> _Exercise aim_
The data below should be copied out exactly, with its pictures omitted.

++++ Data excerpt ++++

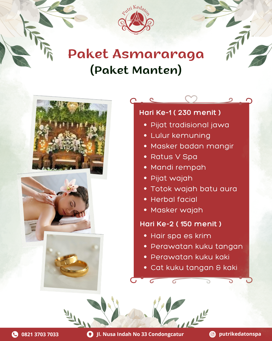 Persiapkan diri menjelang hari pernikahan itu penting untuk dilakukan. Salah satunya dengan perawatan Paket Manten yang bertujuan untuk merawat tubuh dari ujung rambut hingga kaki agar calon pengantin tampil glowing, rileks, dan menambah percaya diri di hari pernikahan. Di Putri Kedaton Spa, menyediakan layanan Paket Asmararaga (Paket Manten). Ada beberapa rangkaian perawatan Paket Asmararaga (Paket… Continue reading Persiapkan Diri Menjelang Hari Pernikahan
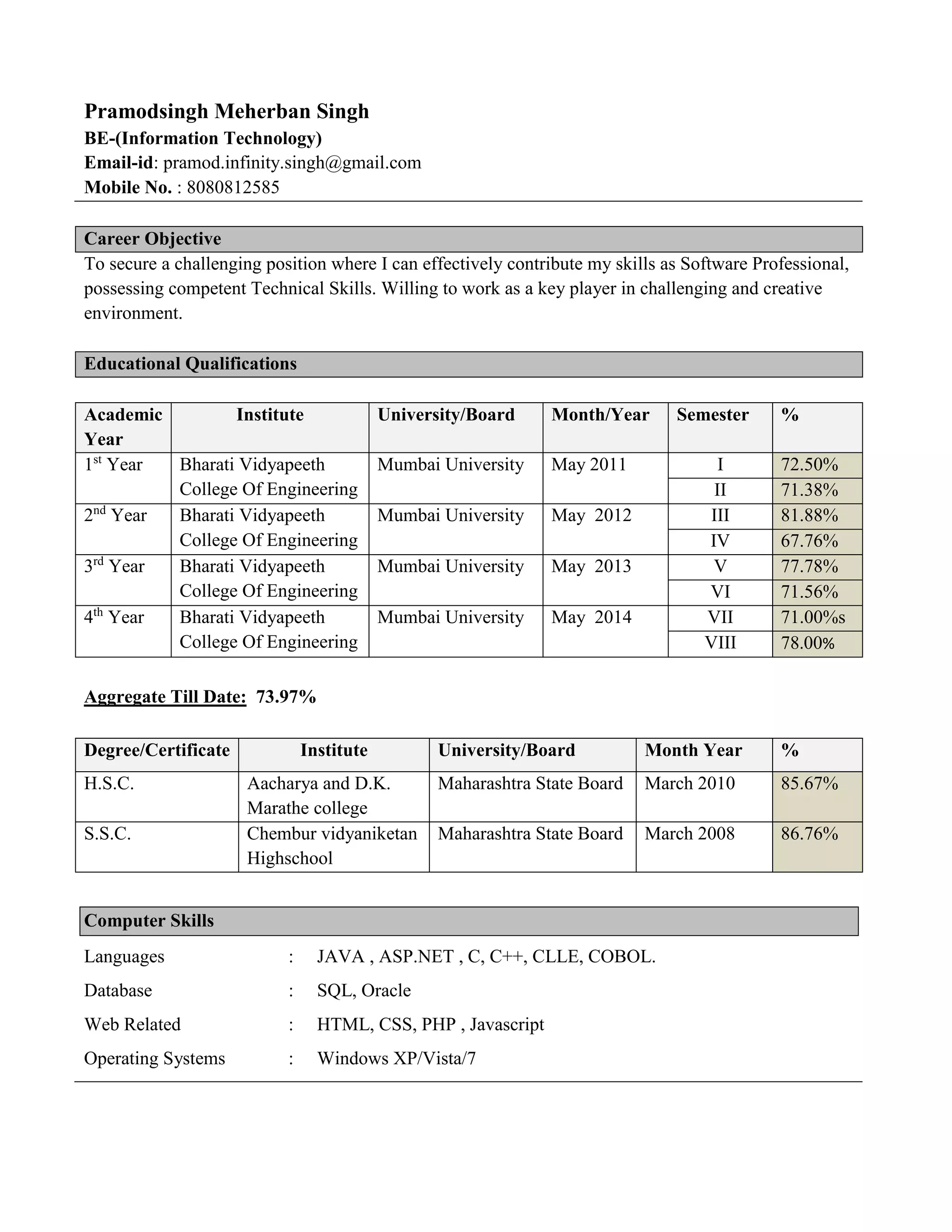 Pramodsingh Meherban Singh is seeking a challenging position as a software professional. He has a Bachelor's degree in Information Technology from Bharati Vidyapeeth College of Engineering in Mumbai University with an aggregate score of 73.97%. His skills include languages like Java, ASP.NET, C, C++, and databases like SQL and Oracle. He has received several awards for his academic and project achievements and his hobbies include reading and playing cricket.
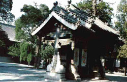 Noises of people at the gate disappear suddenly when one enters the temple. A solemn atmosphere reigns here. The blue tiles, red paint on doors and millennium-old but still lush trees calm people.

++++

> _Result for this exercise_
 Persiapkan diri menjelang hari pernikahan itu penting untuk dilakukan. Salah satunya dengan perawatan Paket Manten yang bertujuan untuk merawat tubuh dari ujung rambut hingga kaki agar calon pengantin tampil glowing, rileks, dan menambah percaya diri di hari pernikahan. Di Putri Kedaton Spa, menyediakan layanan Paket Asmararaga (Paket Manten). Ada beberapa rangkaian perawatan Paket Asmararaga (Paket… Continue reading Persiapkan Diri Menjelang Hari Pernikahan
 Pramodsingh Meherban Singh is seeking a challenging position as a software professional. He has a Bachelor's degree in Information Technology from Bharati Vidyapeeth College of Engineering in Mumbai University with an aggregate score of 73.97%. His skills include languages like Java, ASP.NET, C, C++, and databases like SQL and Oracle. He has received several awards for his academic and project achievements and his hobbies include reading and playing cricket.
 Noises of people at the gate disappear suddenly when one enters the temple. A solemn atmosphere reigns here. The blue tiles, red paint on doors and millennium-old but still lush trees calm people.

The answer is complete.